Le conflit entre Julien et Cyrille semble avoir déplacé le débat autour des premiers chapitres de la Genèse : il ne s’agit plus de savoir si ces textes sont susceptibles de recevoir une lecture allégorique, mais de poser la question de leur vérité littérale. Que Julien ait accepté ou non que les récits bibliques aient un sens caché (alternative difficile à trancher) importe peu pour Cyrille, car, pour lui, l’urgence est plutôt de montrer la vérité de ces textes, en les écartant de toute assimilation à la mythologie. Du coup, au lieu de revendiquer, comme Origène, le même droit que les païens à allégoriser ces récits, il cherche à prouver que les auteurs païens, comme Hérodote ou Platon, croient à la véridicité de leurs propres récits mythologiques. L’enjeu est de réfuter les conclusions théologiques que Julien tirait de ces récits, à savoir que les chrétiens ont de Dieu une conception blasphématoire, le dépouillant de ses attributs de toute-puissance et de bonté. Pour Cyrille, seule une exégèse scrupuleuse des textes permet, par l’analyse de mots comme βοηθός (Gn 2, 18) ou γινώσκειν (Gn 2, 17), de disculper Dieu de toute responsabilité dans le malheur qui frappe le premier couple humain, puisqu’il a sa source dans un mauvais usage du libre arbitre. Dans une œuvre apologétique comme le Contre Julien, le travail exégétique ne suffit pas, même s’il est nécessaire pour réfuter la prétention de Julien à connaître la Bible ; Cyrille produit aussi des témoins philosophiques corroborant sa réflexion sur le libre-arbitre, ce qui nous vaut la conservation de fragments d’œuvres, par ailleurs perdues, d’Alexandre d’Aphrodise et de Porphyre.

Marie-Odile BOULNOIS

Directrice d’études à l’E.P.H.E. Membre du L.E.M.

GENÈSE 2-3 : MYTHE OU VÉRITÉ ? 133

RÉSUMÉ : Parmi les premières critiques énoncées par l’empereur Julien contre le christianisme fi gure l’assimilation des récits bibliques de Genèse 2-3 à des mythes, par conséquent dénués de toute vérité historique. Que Julien ait ou non accordé aux chrétiens le droit de recourir à une lecture allégorique (suivant l’interprétation délicate du fr. 17), Cyrille d’Alexandrie dans son Contre Julien se doit de défendre le sens historique des récits bibliques, après les critiques antiochiennes contre l’allégorie. L’enjeu de cet affrontement exégétique est la compatibilité de Genèse 2-3 avec les attributs divins de toute-puissance et de bonté. Pour réfuter les arguments de Julien, souvent proches de ceux que les gnostiques avaient élaborés pour prouver l’infériorité du démiurge, Cyrille lui reproche de ne pas connaître ses propres maîtres, en particulier Alexandre d’Aphrodise et Porphyre dont il cite des fragments (d’œuvres par ailleurs perdues) pour corroborer son analyse sur la liberté humaine et la providence divine.

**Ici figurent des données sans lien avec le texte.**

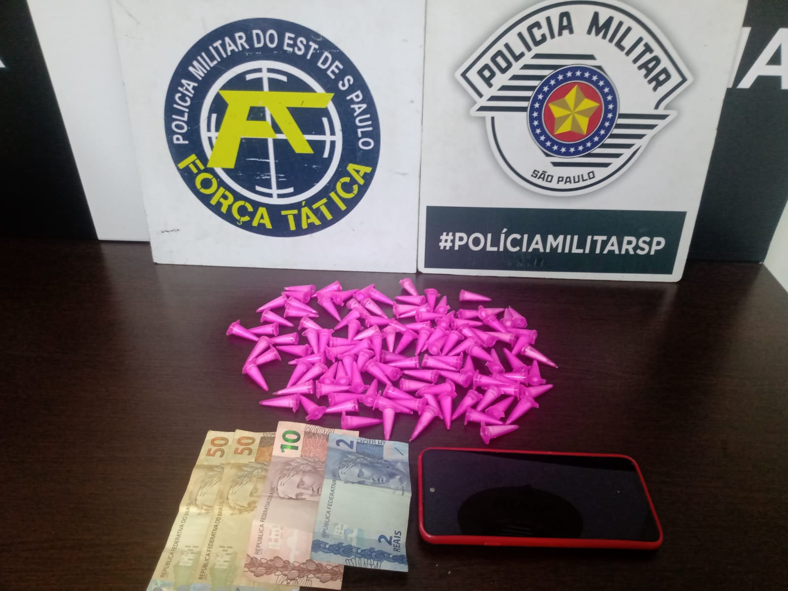 Um homem foi preso em flagrante por tráfico de drogas na noite de sexta-feira (12), no Jardim Saulo, em Leme (SP). A ocorrência foi registrada pela equipe de Força Tática durante patrulhamento pelo bairro.
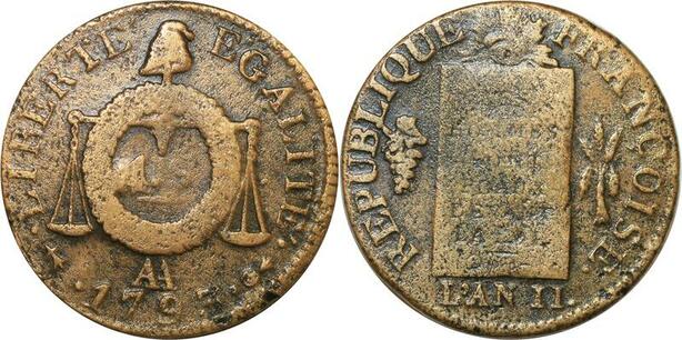 O9186 France Convention Un Sol aux balances Louis XVI Françoise An II 1793 AA Metz ->M offre
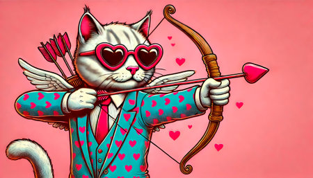 Cupid cat with sunglasses and suit with hearts holding bow and arrow on valentine day. The cat is dressed up for Valentine's Day.
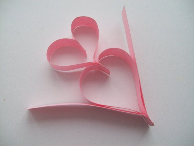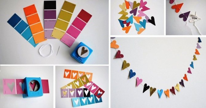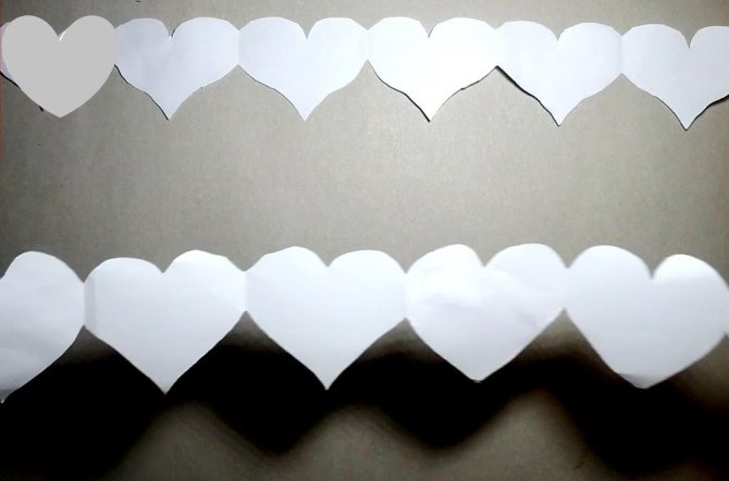 Также можно склеить цепочку, придав колечкам форму сердец. Терпеливых мастериц заинтересует вариант ажурных сердечек, протянутых через ниточку. Смотрятся они нежно и невесомо.
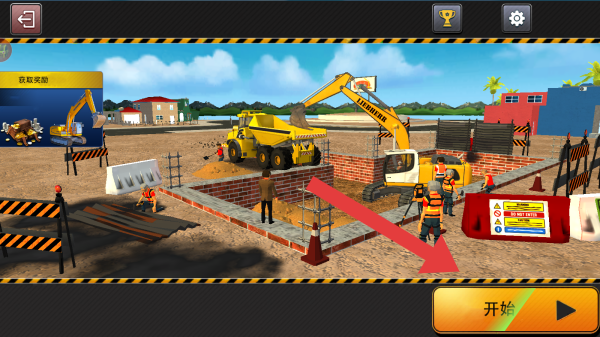 1、画面呈现了施工的现场,有众多工人围绕着场地进行勘察,点击开始方可进入场景进行游玩。

ABSTRACT : Among the fi rst criticisms outlined by the emperor Julian against Christianity is the assimilation of the biblical stories of Genesis 2-3 to myths, therefore devoid of any historical truth. Whether or not Julian has given to Christians the right to use an allegorical reading (depending on the interpretation of the delicate fr. 17), Cyril of Alexandria in his Contra Julianum must defend the historical sense of biblical stories, because of the antiochian criticisms against allegory. The stake of this exegetical debate is the compatibility of Genesis 2-3 with the attributes of divine omnipotence and goodness. To rebut the arguments of Julian, often close to those that Gnostics had developed to prove the inferiority of the demiurge, Cyril accuses him of not knowing its own masters, especially Alexander of Aphrodisias and Porphyry from which he cites fragments (from works otherwise lost) to corroborate his analysis on human freedom and divine providence.